Dear members, this has been in the works and we wanted to let you know. It is the Book of doctrines upon family, civil, and church government, that was signed and passed by the whole Convocation of the Church of England in 1606, with some additions by bishop Overall:
Dear members, the 1606 Convocation Book is now more or less finished and ready. It can be seen here-- http://www.anglican.net/works/john-...ent-of-catholic-church-kingdoms-of-the-world/ The work is a fascinating resource of views which predominated the classical Anglican world in 1606. There isn't an official announcement just yet because the book is so mammoth in size, that loading it may stump most computers more than 3-4 years old! Make sure you have a capable computer before trying to load this behemoth of a work! We are still trying to work out a way to load it easily and efficiently on any computer.
JonahAF, my hat's off to you. This and all the works posted on anglican.net are of the highest quality. There is nothing elsewhere on the net that compares to it. The fonts are stunning and are the best attempt at capturing the look and feel of those classical texts on a browser. I pray many of us avail ourselves of this rich resources the team has made available to us, free of charge. Bravo!

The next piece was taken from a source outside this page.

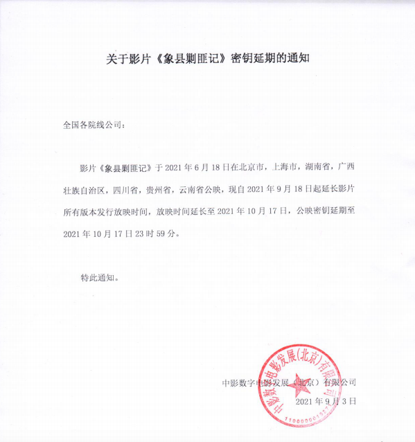 关于影片《象县剿匪记》密钥延期的通知

Hello everyone! We would like to announce that an exciting Anglican classic has been in the works, and is soon to be uploaded: the legendary commentary on the Anglican liturgy written by Anthony Sparrow Lord Bishop of Exon in the 1600s. It has taken us nearly two years to complete! but now the end seems near at hand. The original cover from the seventeeth century:
Dear members--- We have a new and exciting book project to announce. Our storehouse of works from the reign of Queen Elizabeth, one of the great periods in Church history, is expanding by republishing one of the principal Ecclesiastical works of the Elizabethan period, Thomas Bilson's Perpetual Government of Christ's Church published in 1593 to state the Anglican position on the Church in contradistinction to some dissenters then troubling the Church with schisms and newfound doctrines. "From schoolmaster of Winchester he became warden; and having been infinitely studious and industrious in poetry, in philosophy, in physic, and lastly (which his genius chiefly called him) in divinity, he became so complete for skill in languages, for readiness in the fathers, for judgment to make use of his readings, that he was found no longer a soldier, but a commander-in-chief in our spiritual warfare," -writes the antiquarian John Harrington. "... Especially when he became a bishop, and carried prelature in his very aspect." -adds the chronicler Anthony Wood.

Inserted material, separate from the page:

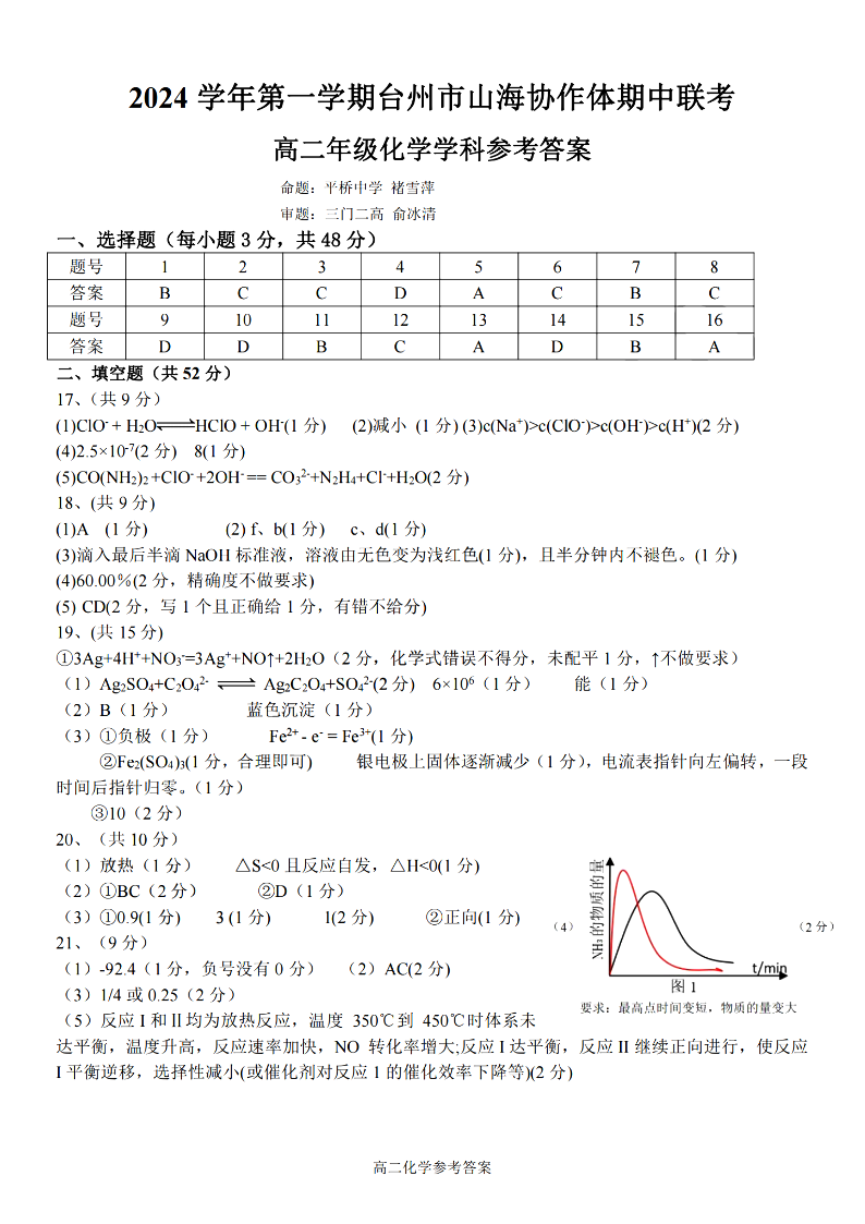 台州市山海协作体2024学年高二第一学期期中联考 化学答案

Can I just say that, though I am late to the game, with what beauty these texts have been transcribed? I love, love, love, the elegance and care taken with these texts. You do not see this anymore!
I looked up Anglo-Catholicism on google shopping and found no books. But you do have a lot of people here willing to give you an introduction to Anglo-Catholicism
We thank you @Cameron. As the Scriptures say, our people die from a lack of knowledge, ergo, let us step into the breach once more, and remedy what needed to be remedied.
Much appreciated. Thank you! I am quite proud of the latest work we have put up, which is Henry Scougal's The Life of God in the Soul of Man. We brought it online because I felt we had an over-representation of books in the realm of dogmatic theology, whereas most average people would benefit from the spiritual classics and timeless literature on holiness and virtue for which Anglicanism has been so well known across the centuries. Scougal is first, and we may bring on Richard Allestree's Whole Duty of Man, Jeremy Taylor's Holy Living and Cases of Conscience, and even the work referenced at the end of Scougal, namely, An Account of the Beginnings and Advances of a Spiritual Life. Merry Christmas everybody!